JUDGE OF THE HIGH COURT



I agree







_________________

A.A. LANDMAN

JUDGE OF THE HIGH COURT














____________________________________________________________________________

DISSENTING JUDGMENT

____________________________________________________________________________

KGOELE J:


[1] I have read the judgment of my colleagues Landman J and Gutta J with which I respectfully am unable to agree. The background facts of this matter has been dealt with in their judgment and I am of the view that there is no need to repeat them here.


The trial court’s findings


[2] Gutta J considers the approach the trial court (magistrate) adopted to the evaluation of the evidence to be “very simplistic”. In paragraph 39 of her judgment the following appears:-


I have tested the appellant’s version against the aforesaid inherent probability.

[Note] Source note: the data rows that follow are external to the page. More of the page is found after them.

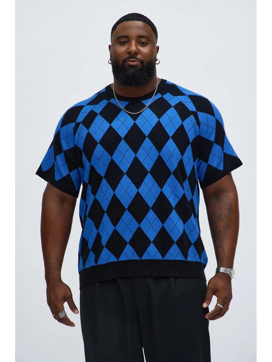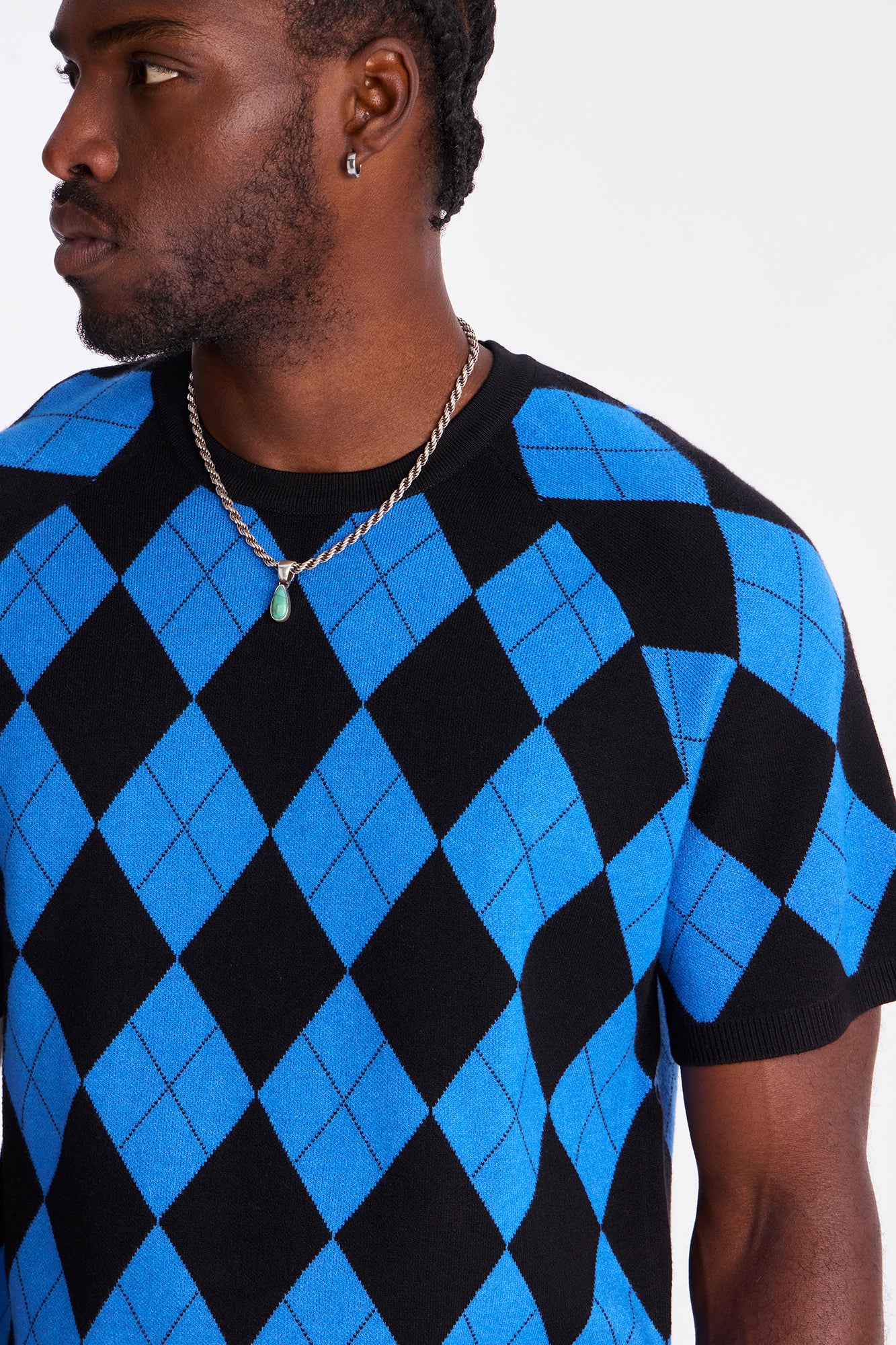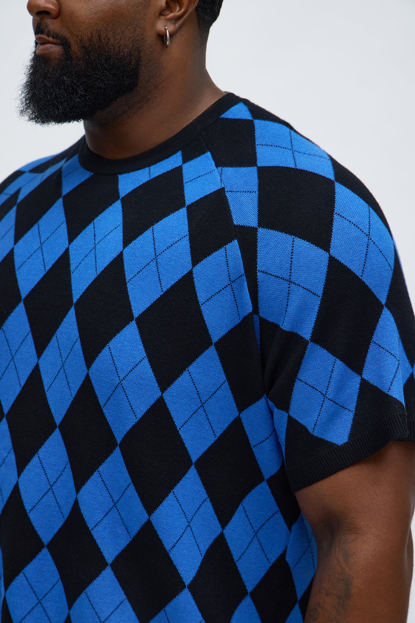 Seymour Argyle Knit Tee - Blue/combo | Fashion Nova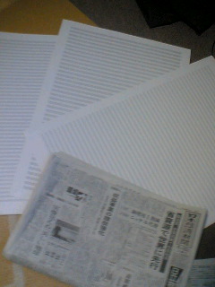 ↓写真は新聞紙と比較出来る様、五線紙を並べてみた。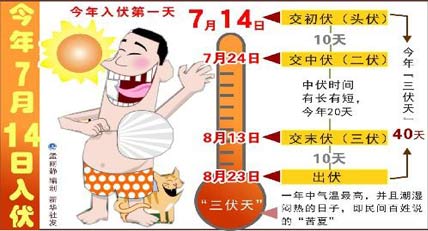 三伏天是按照我國(guó)古代的“干支紀(jì)日法”確定的。每年夏至以后第三個(gè)庚日(指干支紀(jì)日中帶有“庚”字的日子)為初伏,第四個(gè)庚日為中伏,立秋后第一個(gè)庚日為末伏,合起來(lái)稱(chēng)為三伏。按陽(yáng)歷計(jì)算則出現(xiàn)在7月中旬到8月中旬。此時(shí)我國(guó)大部地區(qū)是一年中最熱的時(shí)節(jié)……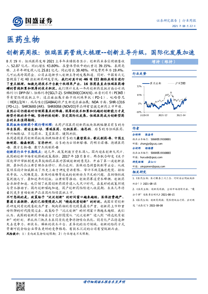 国盛证券:创新药周报:恒瑞医药管线大梳理--创新主导升级,国际化发展加速.pdf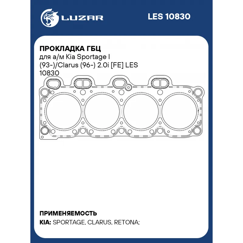 Прокладка ГБЦ для а/м Kia Sportage I (93-)/Clarus (96-) 2.0i [FE] Характеристики: Артикул: LES 10830 OEM номера: 0K01310271 Ширина, мм: 161 Длина, мм: 415 Материал прокладки: безасбестовый композитный материал на металлическом каркасе Диаметр отверстий, мм: 87.5 Количество слоев: 1 Прокладка, толщина,мм: 1.3 Количество на автомо... Читать полностью →

The Magistrate adopted a very simplistic method of evaluating the evidence and I am of the view that the appellant’s version cannot be rejected on the basis of the above improbability, and his version cannot be rejected on the basis that it is so improbable that it cannot reasonably possibly be true. I am of the view that the appellant’s version is reasonably possibly true in substance.”


The improbability referred to in the above quoted paragraph stems from paragraph 38 of her judgment which read thus:-


Turning to the appellant’s version, the Magistrate in casu found that it was “highly improbable that the complainant would have first phoned the accused to join her at the pub, would have voluntarily accompanied him to have consensual sexual intercourse which in any event was not for the first time, then would turn around and allege that the accused has raped her while in fact she was waiting for him to take her home”.

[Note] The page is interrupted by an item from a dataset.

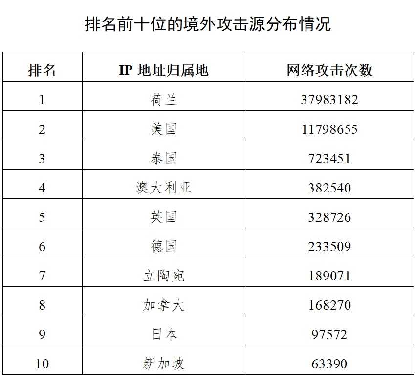 1月31日至2月14日期間,針對黑龍江省內關鍵信息基礎設施實施的網絡攻擊主要源自美國及其盟友國家,其中攻擊次數最多的三個國家分別為荷蘭(3798萬次)、美國(1179萬次)、泰國(72萬次)。澳大利亞、英國、德國、立陶宛、加拿大、日本和新加坡分別位列第四至第十位。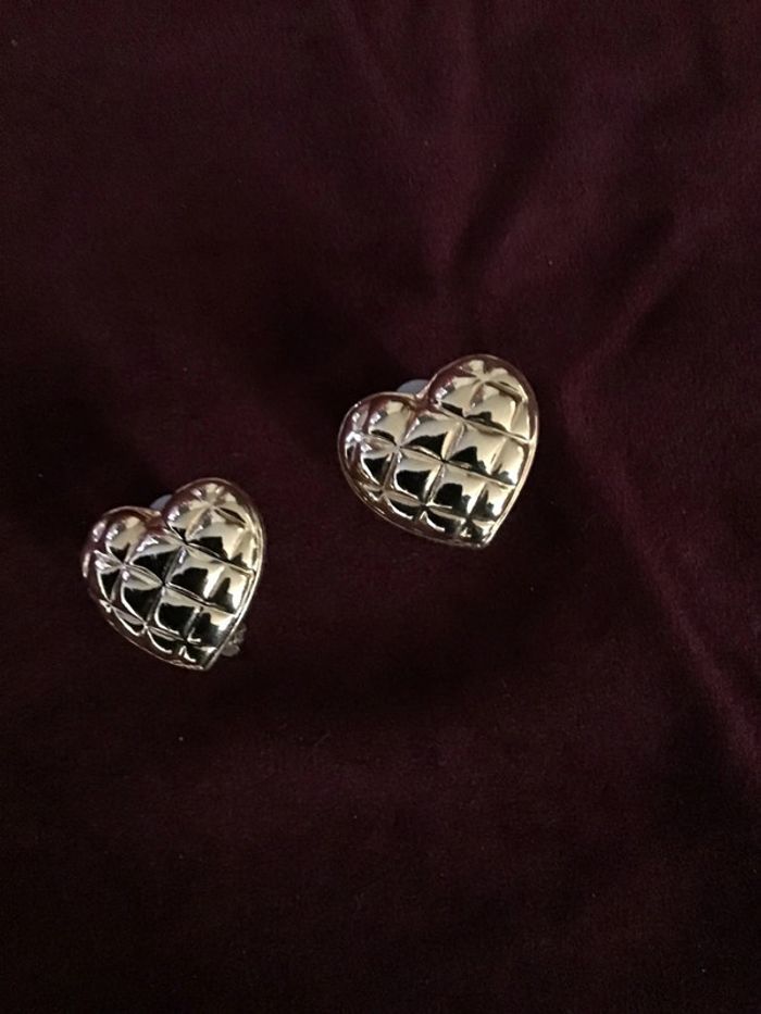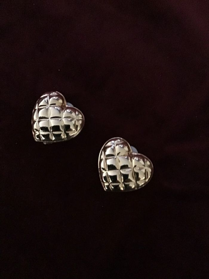 Années 80 Charmants coeurs dorés bombés relief quadrillé Jamais portés Sublime rendu

[3] Yet, on the other hand, the following is found in paragraph 34 of her judgment:-


Although it appears that the Magistrate in casu treated the complainant’s evidence with caution and considered the contradictions, however it does not appear that the Magistrate critically evaluated the complainant’s evidence as a single witness nor did he consider all the evidence and decide whether it is reliable or not. [My own emphasis]


[4] Gutta J quite correctly in her judgment quoted the case of S v Bailey 2007 (2) SACR 1 (c) and R v Dlumayo & Another 1948 (2) SA 677 (A), which authorities I find apposite in this matter. Of significance are the following remarks which are found in the majority decision of Dlumayo above:-


The principles which should guide an appellate court in an appeal purely upon fact are as follows:-

  1. ………………..

  2. ………………..

12. An Appellate court should not seek anxiously to discover reasons adverse to the conclusions of the trial Judge. No judgment can ever be perfect and all embracing, and it does not necessarily follow that, because something has not been mentioned, therefore it has not been considered”.


[5] It is against this background that I am of the view that the conclusion by Gutta J that the trial court’s approach to the evaluation of evidence was simplistic is not justified. As indicated in paragraph 2 and 3 above, Gutta J acknowledges the fact that the trial court treated the complainant’s evidence with caution and more importantly, considered the contradictions. As correctly pointed by Gutta J in paragraph 37 quoted above, the trial court also based its findings on probabilities. There is nothing wrong in this approach. See S v Chabalala 2003 (1) SACR 134 (SCA) paragraph 15. The fact that the trial court only referred to three contradictions, does not necessarily follow that the others that were mentioned by Gutta J and not by the trial court, had not been considered. The reasoning behind this will become more clearer when dealing with the effect of all the contradictions below.


Contradictions


[6] From the onset I wish to make it clear that the crux of the matter is not whether the complainant and the appellant had a love affair or not. As Gutta J correctly stated in her judgment, the crux is whether the sexual intercourse was consensual or not, as the sexual intercourse is common cause.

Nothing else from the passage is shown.